Их боятся. Тюки, непонятный предмет в чехле за спиной, русская ушанка и пальтецо Нурмолды — все выдавало в них людей городских. Горожане представляли в степи Советскую власть.
Нурмолды взял двумя руками, как ружье, обтянутую чехлом трубку карты. Обогнул куб мазара. Шагнул в пыльную глубину портала:
— Выходи!
В темноте, там, где лежали остатки ишана, треснула под ногами сухая глина. Появился человек в стеганом халате, стянутом на поясе тряпкой. Несмотря на свои морщины, низкорослый, тщедушный, он походил на мальчика. Он согнулся в поклоне перед Нурмолды.
В дальнем темном углу вздохнули, Нурмолды в испуге повернулся: зеркально блеснул лошадиный глаз.
— Кто такой?
— Я учитель, — сказал человечек дрожащим голоском. — Езжу по аулам, обучаю детей… подрабатываю как цирюльник, отпеваю покойников.
Нурмолды, переспрашивая, разобрал кое-как, что старикашка приехал сюда, к могиле святого, по давней привычке. Тут узнал, что вышел указ всех верующих отсылать в Сибирь, и боится теперь возвращаться домой.
Нурмолды убедил старикашку, что указа такого нет, и стал расспрашивать о Жусупе. Лет шесть назад, сказал старикашка, Жусуп увел аулы от продналога на дальние колодцы. Аулы не потеряли ни одного барана. С тех пор Жусуп хозяин в здешних степях.

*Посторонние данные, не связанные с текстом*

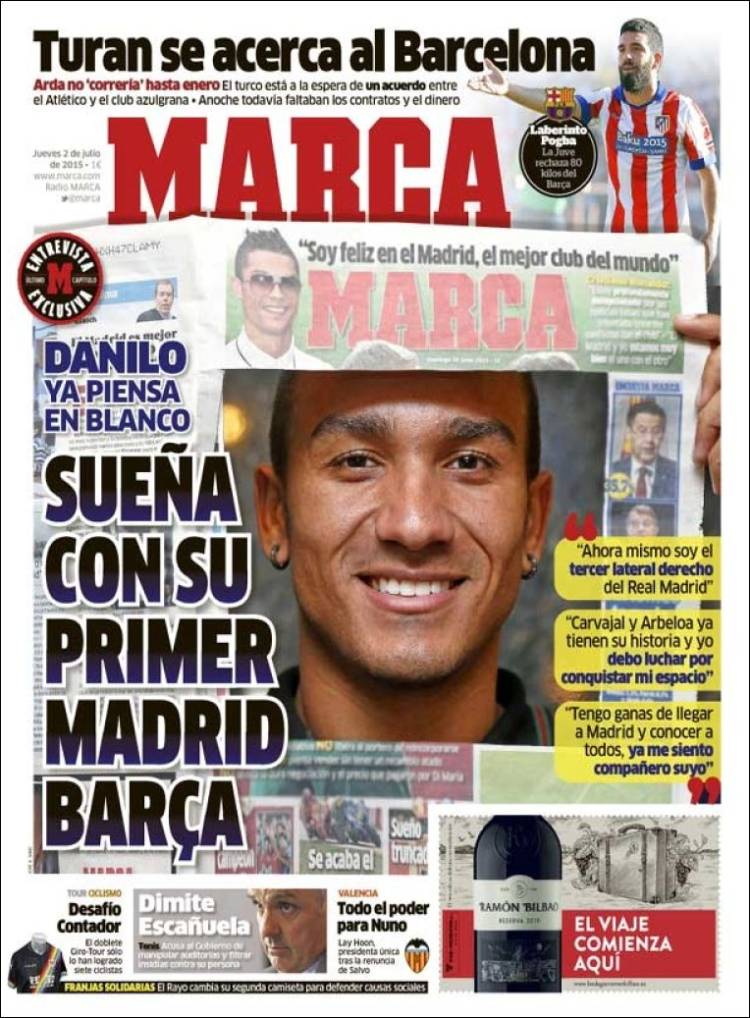 Hay que reconocer que hoy la Central Lechera responde a nuestra petición de árnica ante este muy aciago comienzo de verano. Marca se hace eco de lo de Arda pero nos ayuda un poco a restañar las heridas con la prometedora entrevista a Danilo, quien amén de ser un extraordinario jugador demuestra saber cómo se gana uno a la parroquia desde el minuto uno. "Ahora mismo soy el tercer lateral derecho del Real Madrid". Que él mismo crea (o no) en la veracidad de sus palabras es casi lo de menos. Que haya algo de pose en su actitud humilde no es descartable, como innegable resulta el que al madridismo le guste ver a una primera figura (porque lo es) entrar por la puerta con esa actitud, aun cuando no sea del todo sincera. Son cosas que ayudan a sobrellevar la idea tácita central del portanálisis de hoy, que ya quedó insinuada antes: el Madrid anda despistado en este comienzo de campaña de fichajes, aunque nunca se sabe con Florentino. Puede que solo parezca estar despistado. "Tranquilos, esto no acaba hasta el 31 de agosto", decía un amigo tuitero en el día de ayer. Nosotros vamos más allá: no acaba hasta mayo de 2016. Si suele echarse en cara a Floren el centrar sus méritos en las contrataciones veraniegas, cosechando en agosto efímeras e insignificantes victorias que pocas veces se traducen en éxitos al final de temporada, seamos coherentes con esa acusación, y juzguemos cuando concluya todo, pero todo de verdad.

На голоса заглянул Рахим. При виде человека с молитвенным ковриком в руках старикашка бросился горячо рассказывать о подвижнике — ишане.
С удивлением глядел Нурмолды: тщедушный старикашка говорил басом, подобающим батыру.
Рахим назвал глупцами тех, кто не перевез прах святого в обжитое, с базаром, место, — разве паломники пойдут в такую даль?
За чаем они благодушно потешались над старикашкой. Тот от души веселил их. Он изображал, как соединяет жениха-молдаванина и невесту-казашку. Жених пытается сказать символ веры, заученный было накануне. Жених все забыл. «Да! Да!» — кричит на него старикашка, и тот в испуге повторяет: «Да!» «Дело сделано! — кричит старикашка. — Аллах вас благословил!»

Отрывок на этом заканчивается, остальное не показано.